Любка тоже позавидовала. Ей семь лет исполнится только зимой, поэтому она даже мечтать о школе не могла, а если и пойдет, то в такую, в которой детей бьют. Ту школу и за школу-то не считали – все знали, что там ничему хорошему не учат, потому что учились там такие дети, которых ничему не научить. Как будто она хуже Нинки! Любка проглотила слезы, она так не думала, здесь у нее было свое мнение. Сама себя она никакой дурой не считала. И все-все-все понимала. Но весь мир как будто обрушился на нее в своей злобе.

Если бы не боль, которая приходила со словами!

Иногда она ненавидела Николку, который отнял у нее и мать, и всех, кто хоть сколько-то интересовался ее жизнью. С его появлением стало совсем невмоготу. Ум боролся с болезнью, внезапно понимая, что она безраздельно властвует над телом. Но сам по себе Николка был не злой, и радовался ей, когда они оставались вдвоем. Обидеть его она бы никому не позволила. Ходить он еще не мог, но ползал быстро, а она ползала вместе с ним, чтобы ему нескучно было.

И снова говорили, что ползает она оттого, что дурочка…

– Поросенок у меня на той неделе сдох от рожи. Как зиму переживу, не знаю. Перед этим коза ногу сломала. Никакая скотина в доме не ведется, одни кошки, – пожаловалась мать. – И понимаю, что глупо, вроде и без того девка больная, а ничего с собой поделать не могу, то и дело ловлю себя на мысли, что всю вину на нее сваливаю… Приду домой, и вода наношена, и дрова у печки сложены…

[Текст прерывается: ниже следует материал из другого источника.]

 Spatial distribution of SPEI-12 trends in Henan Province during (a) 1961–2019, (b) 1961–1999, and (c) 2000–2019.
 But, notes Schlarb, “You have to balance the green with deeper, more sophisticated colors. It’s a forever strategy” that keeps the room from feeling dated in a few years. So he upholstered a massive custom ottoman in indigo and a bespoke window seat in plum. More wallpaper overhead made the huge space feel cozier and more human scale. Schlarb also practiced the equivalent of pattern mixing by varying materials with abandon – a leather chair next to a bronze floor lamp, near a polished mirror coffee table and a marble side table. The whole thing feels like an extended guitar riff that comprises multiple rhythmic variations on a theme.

Вот, обрадовалась Любка, любит, только сильно устает, и все время наговаривают! Она тут же простила мать, почувствовав облегчение.

– Возможно, Тина. Я тоже, когда смотрю на нее, – через щель в дверном проеме Любка заметила, что тетенька на мгновение задумалась, – у меня в душе тоже как-то холодно становится. Будто руками за горло держат.

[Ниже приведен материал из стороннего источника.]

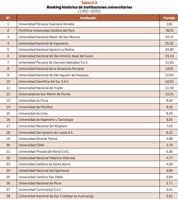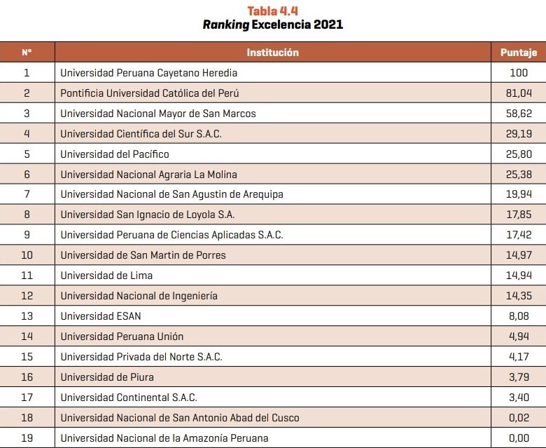 El puntaje asignado va de 0 a 100 puntos, donde los tres primeros lugares los ocupan la Universidad Peruana Cayetano Heredia, la Pontificia Universidad Católica del Perú y la Universidad Nacional Mayor de San Marcos.

Женщина передернулась. Но Любка нутром почуяла, не раскаивается, скорее, пыталась задобрить мать. Взрослые редко меняли мнение, но часто врали, чтобы привлечь на свою сторону, как бы соглашаясь, а потом исподволь подначивая под себя.

«Ты меня не заберешь!» – поклялась себе Любка, облившись холодом.

И тут же расписалась в полном своем бессилии.

Нинкина мать была уважаемым человеком и очень большим. Так считали все, не только мать. Она работала в сельсовете, куда попасть могли лишь те, кто понравился самому главному человеку в селе. Его к ним прислали из райцентра, чтобы он всеми ими правил. Править он не умел, его часто ругали, но с райцентром не поспоришь. Оттуда же, из райцентра, большие неопределенные люди спускали план на детей и говорили, кого забрать. Кочергой их не запугаешь, и на дом лучше не покушаться, могут уже не в страшный дом отправить, а в тюрьму, которую боялись даже взрослые.